WORK ORDER:
Go through the data below and transcribe it exactly. Omit the images.

PROVIDED MATERIAL:
[Start of Attachment]
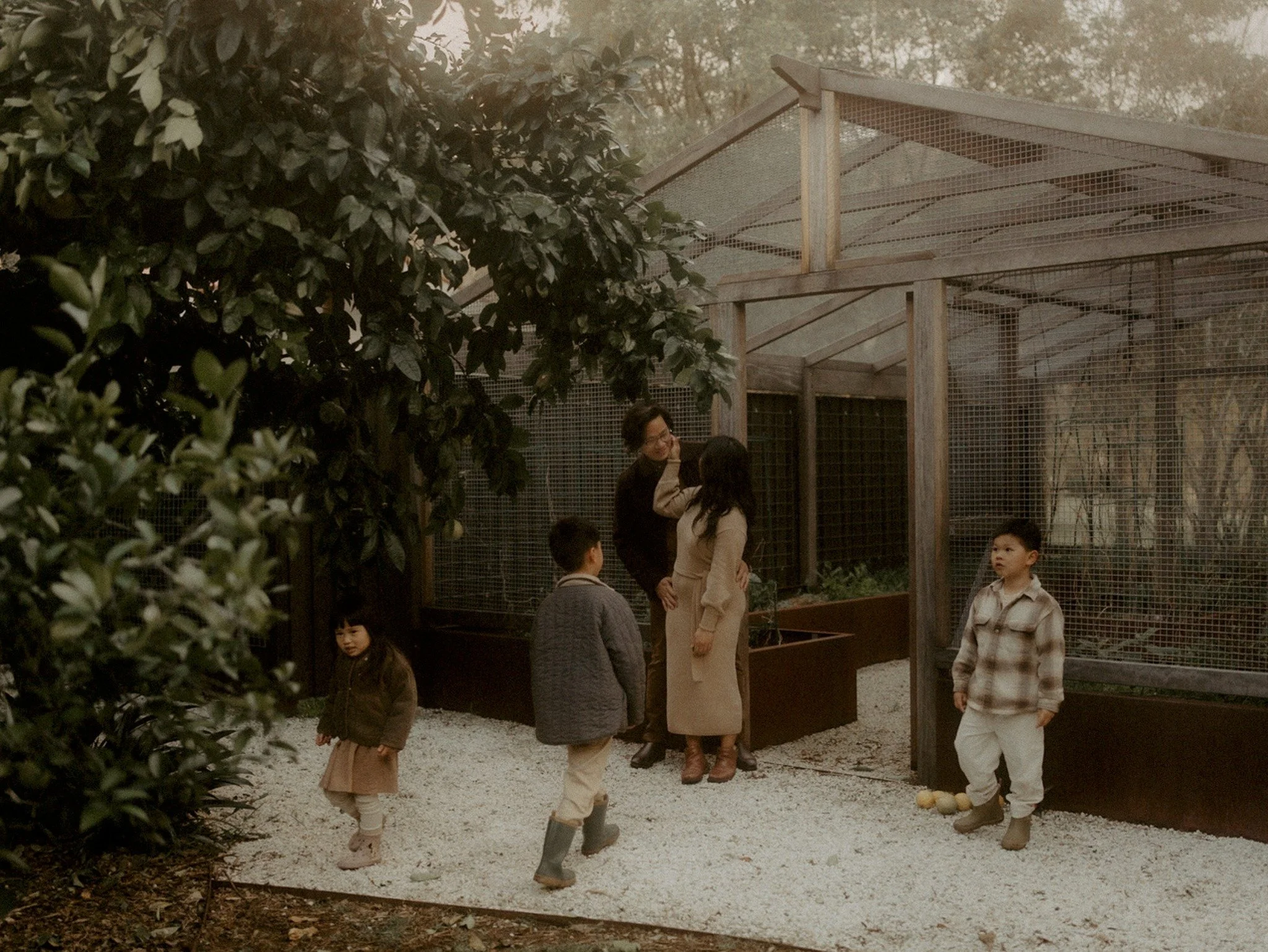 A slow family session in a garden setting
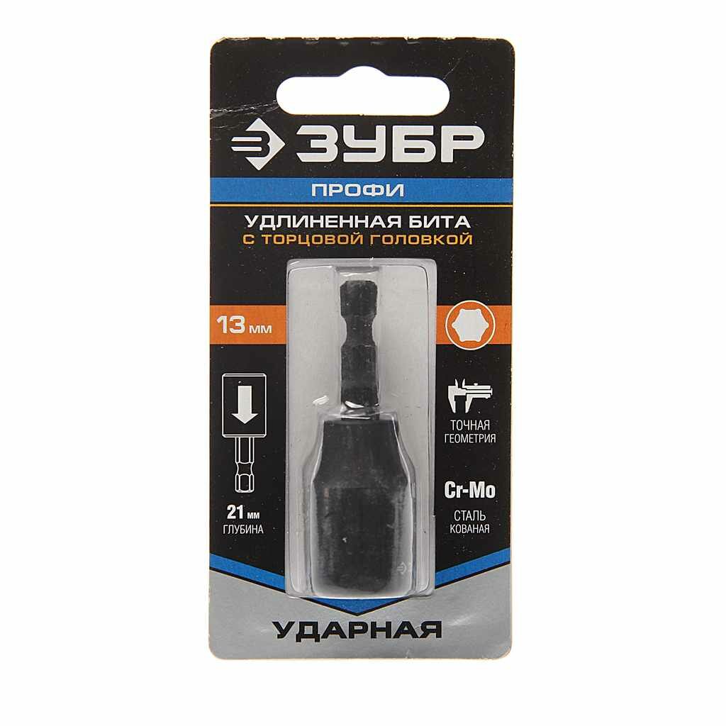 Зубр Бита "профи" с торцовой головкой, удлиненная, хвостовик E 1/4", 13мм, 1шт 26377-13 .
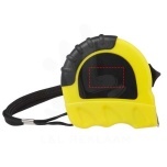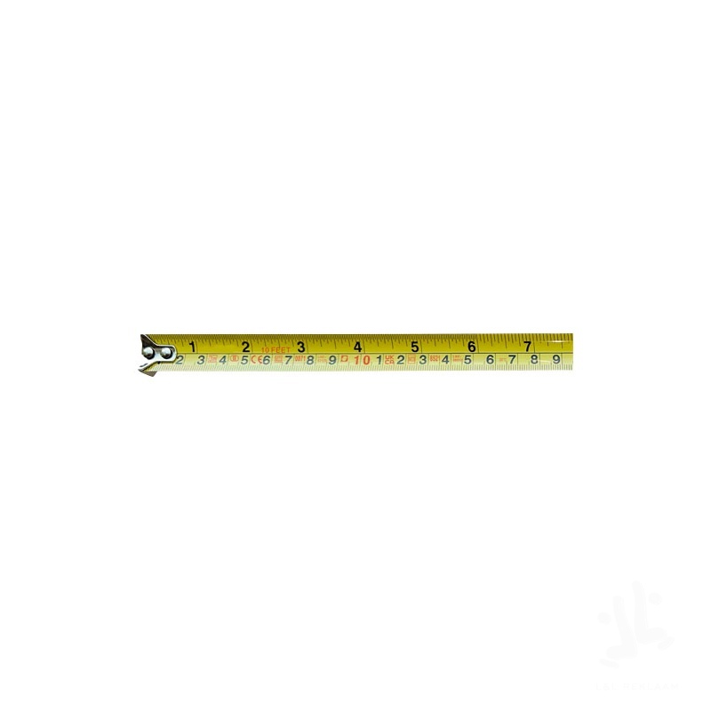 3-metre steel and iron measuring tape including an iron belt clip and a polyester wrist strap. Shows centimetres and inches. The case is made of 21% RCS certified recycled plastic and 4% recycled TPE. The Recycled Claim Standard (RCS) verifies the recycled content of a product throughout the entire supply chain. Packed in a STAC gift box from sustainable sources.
[End of Attachment]
RESPONSE TO THIS TASK:
 A slow family session in a garden setting
 Зубр Бита "профи" с торцовой головкой, удлиненная, хвостовик E 1/4", 13мм, 1шт 26377-13 .
 3-metre steel and iron measuring tape including an iron belt clip and a polyester wrist strap. Shows centimetres and inches. The case is made of 21% RCS certified recycled plastic and 4% recycled TPE. The Recycled Claim Standard (RCS) verifies the recycled content of a product throughout the entire supply chain. Packed in a STAC gift box from sustainable sources.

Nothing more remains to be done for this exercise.